DESCRIPTION OF THE TASK =
Write out the records below exactly as they appear, skipping each picture.

RECORDED INFORMATION =
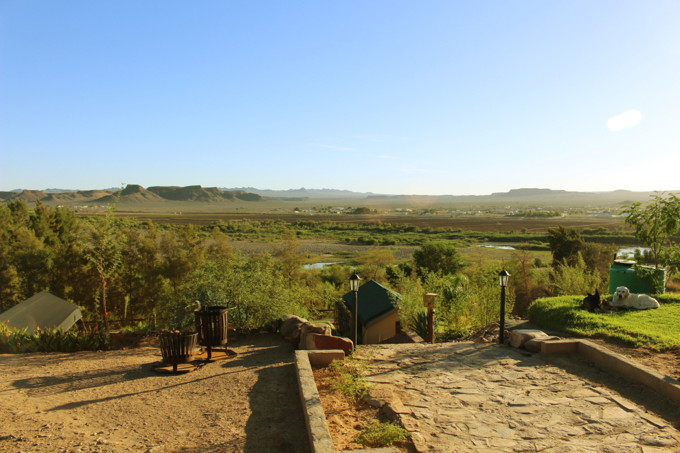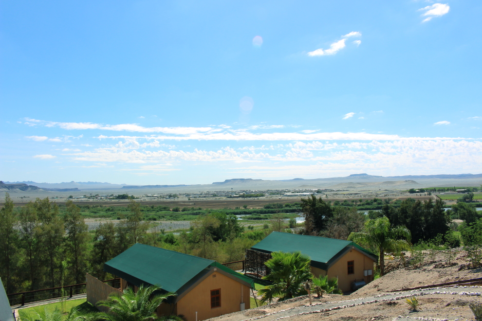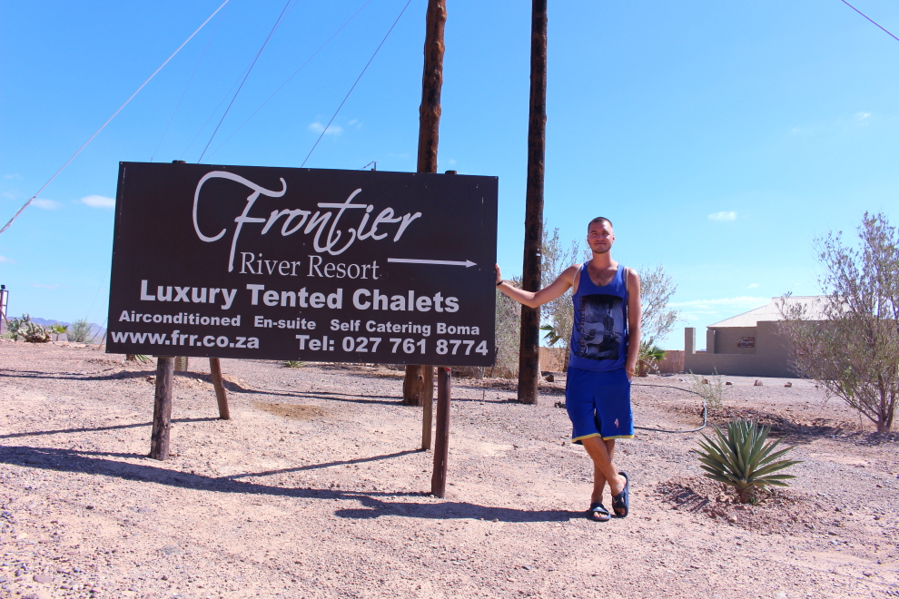 Ráno po zobudení som uvidel krásny výhľad a uvedomil som si, kde som – v rezorte Frontier River Resort. Majitelia sú juhoafricko – nemecký pár Christine & Graham. Svojpomocne vybudovali z miesta pri rieke oázu šťastia a pokoja. Rezort sa nachádza priamo pri rieke Orange River a len pár kilometrov od miesta Vioolsdrif, ktoré tvorí hraničný prechod medzi dvomi štátmi Južnou Afrikou a Namíbiou.
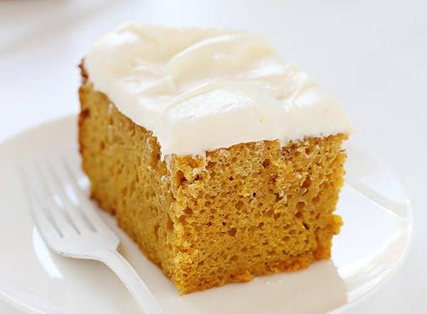 Freezer Instructions: Wrap individual slices tightly in plastic wrap and then foil or place in a freezer bag. Frozen pumpkin cake stays fresh for up to 3 months. Thaw overnight in the fridge or for a couple of hours on the counter before reheating.
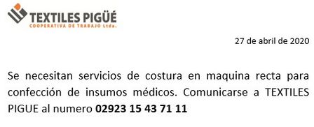 Textiles Pigüé requiere de servicios de costura en máquina recta par la confección de insumos médicos
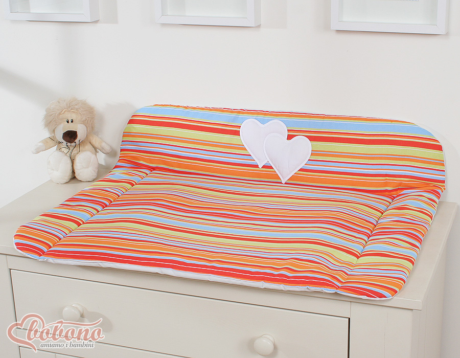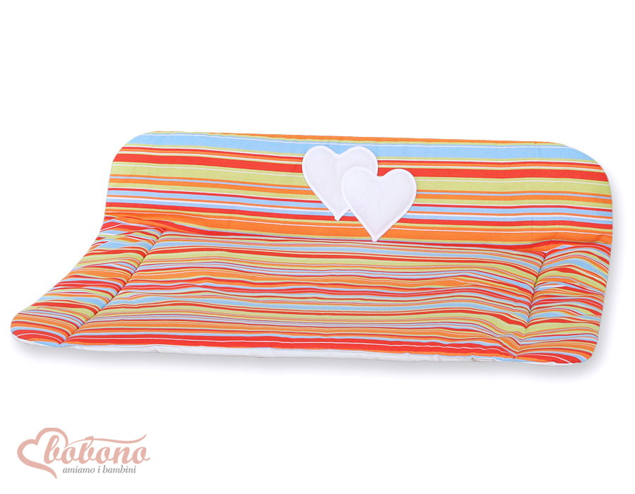 Stubenwagen » Bettwäsche für Babys » Bettwäsche für Babybett HERZEN » Wickelauflage auf Wickeltisch » Wickelauflage auf Wickeltisch - Hängende Herzen orange gestreift
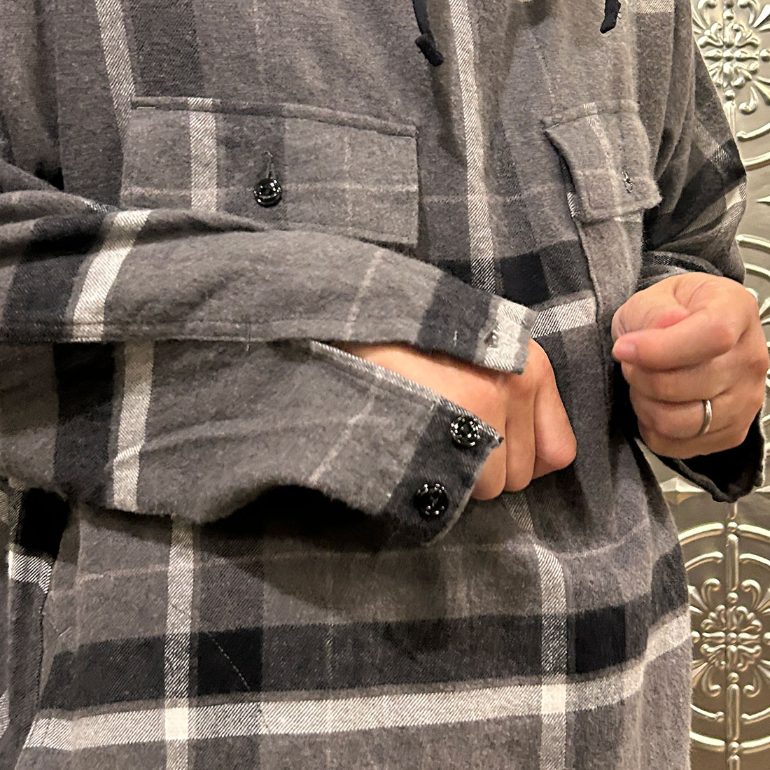 CAGOULE SHIRT COTTON BRUSHED BIG PLAID – GREY_BLACK

RESULT BELOW =
 Ráno po zobudení som uvidel krásny výhľad a uvedomil som si, kde som – v rezorte Frontier River Resort. Majitelia sú juhoafricko – nemecký pár Christine & Graham. Svojpomocne vybudovali z miesta pri rieke oázu šťastia a pokoja. Rezort sa nachádza priamo pri rieke Orange River a len pár kilometrov od miesta Vioolsdrif, ktoré tvorí hraničný prechod medzi dvomi štátmi Južnou Afrikou a Namíbiou.
 Freezer Instructions: Wrap individual slices tightly in plastic wrap and then foil or place in a freezer bag. Frozen pumpkin cake stays fresh for up to 3 months. Thaw overnight in the fridge or for a couple of hours on the counter before reheating.
 Textiles Pigüé requiere de servicios de costura en máquina recta par la confección de insumos médicos
 Stubenwagen » Bettwäsche für Babys » Bettwäsche für Babybett HERZEN » Wickelauflage auf Wickeltisch » Wickelauflage auf Wickeltisch - Hängende Herzen orange gestreift
 CAGOULE SHIRT COTTON BRUSHED BIG PLAID – GREY_BLACK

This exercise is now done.